Exacerbating Mr. Tribe’s materialist blindness is a slightly inflated sense of his own sophistication—one of the supreme dangers of being the head of a “movement” which already boasts a chorus of fellow Anglicans behind it.
And that, it seems to me, is the New Liturgical Movement in a nutshell.
Poor people!
Can we say, then, that the title, Work of Human Hands, applies to the New Liturgical Movement site, because art replaces God as an object of worship and obsession?
It’s even worse than that, although what you say is right on the money.
Those who make art the object of their religion, understand neither art nor religion.
Shawn Tribe’s New Liturgical Movement is identical to Theophile Gautier’s art-for-art movement.

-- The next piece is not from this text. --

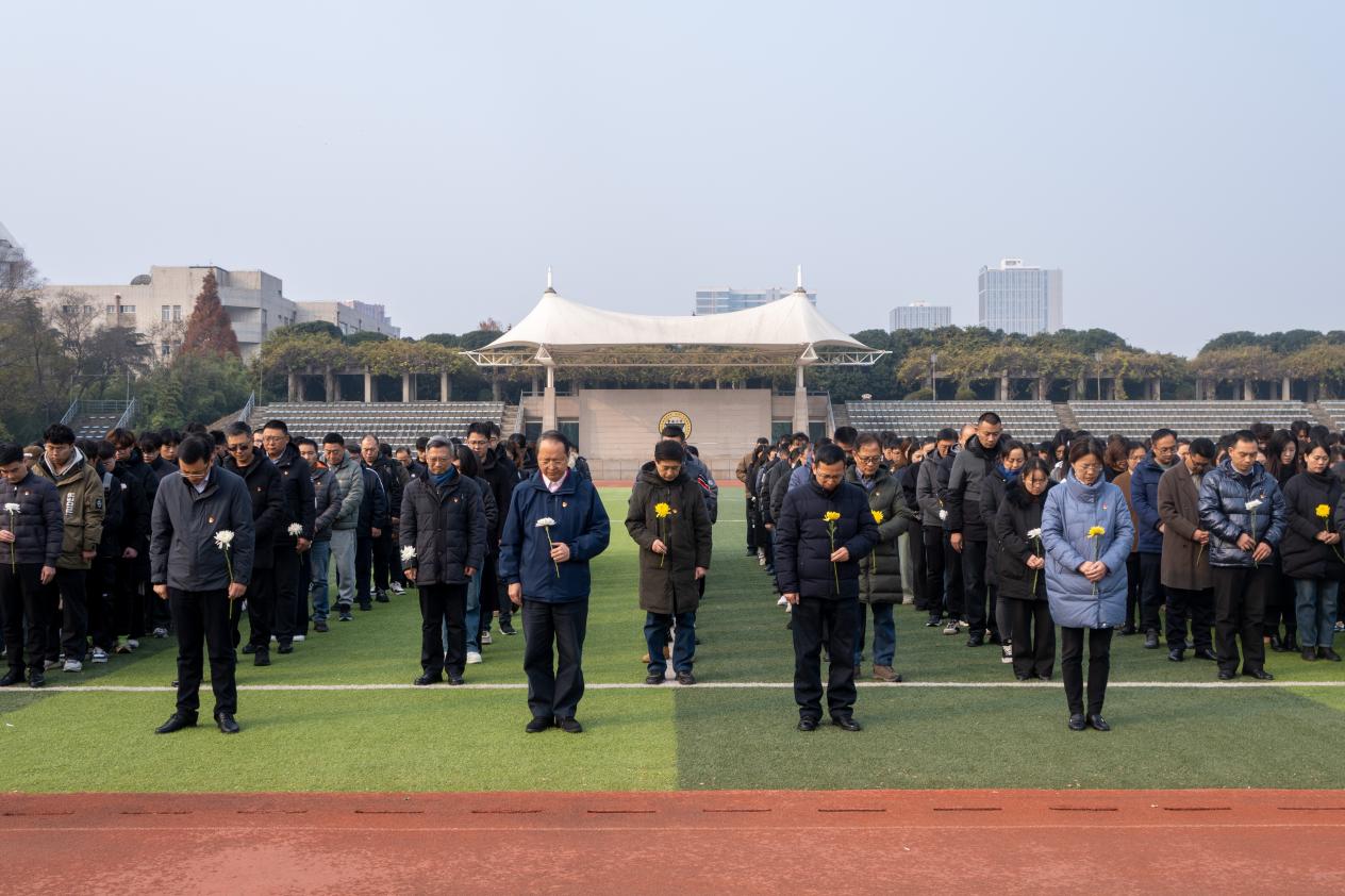 述往事,思来者,铭记历史,警钟长鸣。2024年12月13日是第十一个南京大屠杀死难者国家公祭日。Beat365亚洲版官网校团委和机关党总支联合开展了“勿忘国耻、圆梦中华”南京大屠杀死难者国家公祭日悼念活动。学院党委书记张志胜,常务副院长黄学良,党委副书记、副院长、纪委书记王荣,副院长魏丽玲,各职能部门负责人,机关各党支部成员,各学院相关领导,江北新区分局于健,泰山新村派出所民警田杰及校院两级学生部门代表、大一大二部分学生共同参加此次悼念活动。
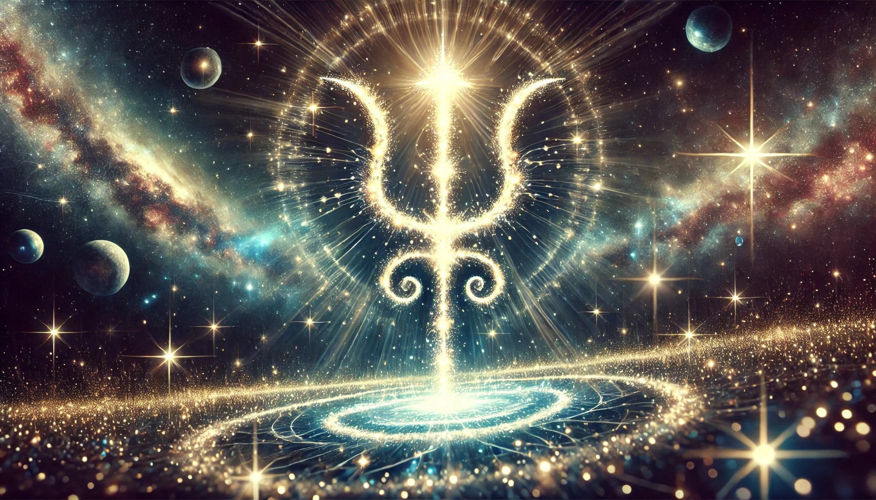 Your celestial trident constellation radiates divine energy in the vastness of space. The trident is composed of brilliantly interconnected stars, forming a majestic and mythical design. Each point of the trident glows with an ethereal golden-white and soft blue light, symbolizing purity, wisdom, and power. Swirling nebulas and distant galaxies surround the constellation, casting a luminous glow that enhances its celestial presence.

Both are a byproduct of Romanticism.
Except that Gautier’s ars gratia artis was animated by a profound intelligence, as opposed to an anodyne notion of liturgical prettiness.
The NLM might focus more on beauty (aesthetics), and this site seems to focus more on truth (esp. in how the liturgy truthfully reflects dogma), but truth and beauty are united, to the fullest, in God, and sanctity involves knowing the verum, bonum, et pulchrum.
What people are saying here reminds me of those who say that one should worship God, not the sacrament. But the Mass is the only sacrament in which God is the Sacrament; all the others are signs revealing an invisible reality, e.g., the water in Baptism and the chrism in Confirmation.